¾ La dernière séquence est importante : pour la première fois, Cyril ne répond pas à la
violence qu’on lui fait.
Fiche n°6
Le scénario : un film réaliste raconté comme un conte
Le film s’apparente à un conte. On trouve en effet :
Un enfant en situation difficile / distingué, comme tout héros de conte. Ici, il est distingué par
deux éléments :
9 Le vélo
9 Le tee-shirt rouge [référence au chaperon rouge ?]
Des personnages :
9 Une aide : Samantha, la bonne fée [l’actrice elle-même fait cette comparaison dans les
interviews qu’elle donne / Samantha est d’ailleurs le prénom du personnage de Ma
sorcière bien-aimée.)
Son métier n’est pas innocent : la coiffeuse s’occupe à sa façon des autres et prend
soin d’eux (plusieurs fois nous voyons Samantha à son travail).
Elle est une créature de la lumière, du jour. La plupart de ses actions a lieu en effet
pendant qu’il fait jour.
9 Un opposant : Wes.
Il a un pouvoir de séduction : il montre une playstation à Cyril. Il lui apprend ce qu’est
le mal. Le plan suivant fait le lien entre la violence et la délinquance / le vol. Le Bingo
que l’on peut lire sur l’affiche est presque ironique… Que va gagner Cyril à frapper le
commerçant ?
Wes est un personnage de la nuit. Il porte un tee-shirt et l’essentiel des actions qui le
concernent se déroulent durant la nuit.
On peut rapprocher ce personnage du vieux Fagin dans Oliver Twist de Charles
Dickens. Lui aussi emploie en effet des jeunes enfants pour voler.
Des lieux
9 La cité
9 Et surtout le taillis qui apparaît comme un lieu dangereux et également un lieu
initiatique (cf. la forêt du conte).
Lieu dangereux : aux abords de la cité (Cyril doit courir longtemps pour s’y rendre la
première fois) / le taillis est séparé du reste de la ville par une route passante / lieu de
la violence.
Le taillis est le lieu naturel de Wes (= le loup du conte).
Lieu initiatique : c’est là que Cyril « meurt » et « renaît » après sa chute. Il découvre
qu’il est inutile de répondre à la violence par la violence.

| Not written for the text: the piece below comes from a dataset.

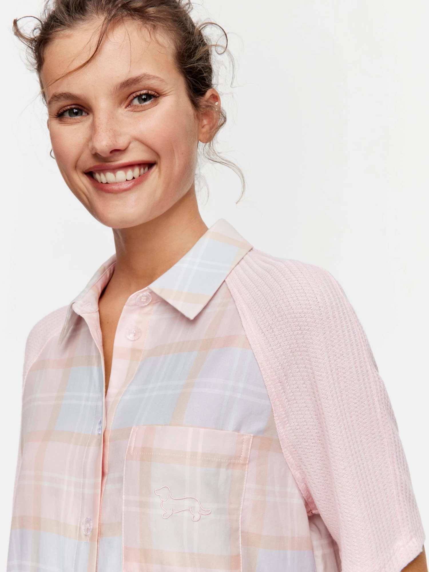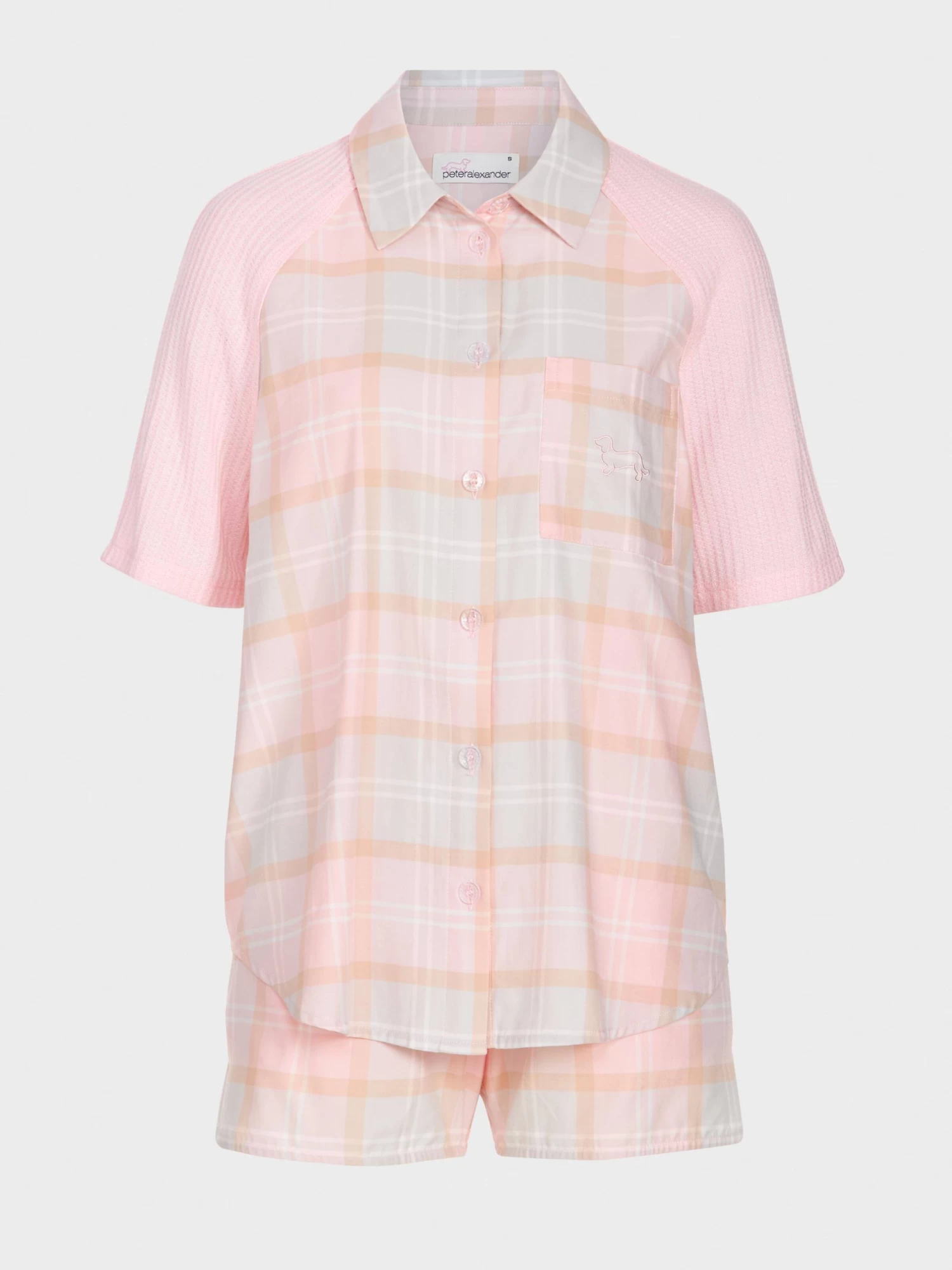 Pretty pink plaid collides with soft greys in this women’s flannelette pyjama set, featuring a long sleeve asymmetric hem button down shirt and rib cuffed PJ pants. The off-centre top pocket and contrast block colour sleeves provide an element of fun to these quirky pyjamas.

Charles Dickens, Oliver Twist, chap.9.
Après le déjeuner, le plaisant vieillard [Fagin] et les deux jeunes gens se livrèrent à un
jeu curieux et bizarre ; voici en quoi il consistait : Fagin mit une tabatière dans une des
poches de son pantalon, un carnet dans l’autre, dans son gousset une montre attachée à
une chaîne de sûreté qu’il passa à son cou ; il piqua une épingle de faux diamant dans
sa chemise, boutonna son habit jusqu’en haut, et mettant dans ses poches son
mouchoir et son étui à lunettes, il se promena de long en large dans la chambre, une
canne à la main, tout comme nos vieux messieurs se promènent dans la rue ; tantôt il
s’arrêtait devant le feu, et tantôt à la porte, comme s’il contemplait attentivement
l’étalage des boutiques. Parfois il jetait autour de lui des regards vigilants comme s’il
craignait les voleurs, et tâtait toutes ses poches l’une après l’autre, pour voir s’il
n’avait rien perdu, et tout cela d’un air si comique et si naturel qu’Olivier en riait
jusqu’aux larmes. Les deux jeunes garçons le suivaient de près ; et, chaque fois qu’il
se retournait, ils se dérobaient à sa vue avec tant d’agilité, qu’il était impossible de
suivre leurs mouvements. À la fin, le Matois lui marcha sur les pieds, tandis que
Charlot le heurtait par derrière, et en un clin d’œil, tabatière, portefeuille, montre,
chaîne de sûreté, épingle, mouchoir de poche, tout, jusqu’à l’étui à lunettes, disparut
avec une rapidité extraordinaire. Si le vieux monsieur avait senti une main dans une de
ses poches, il disait dans laquelle, et alors c’était à recommencer.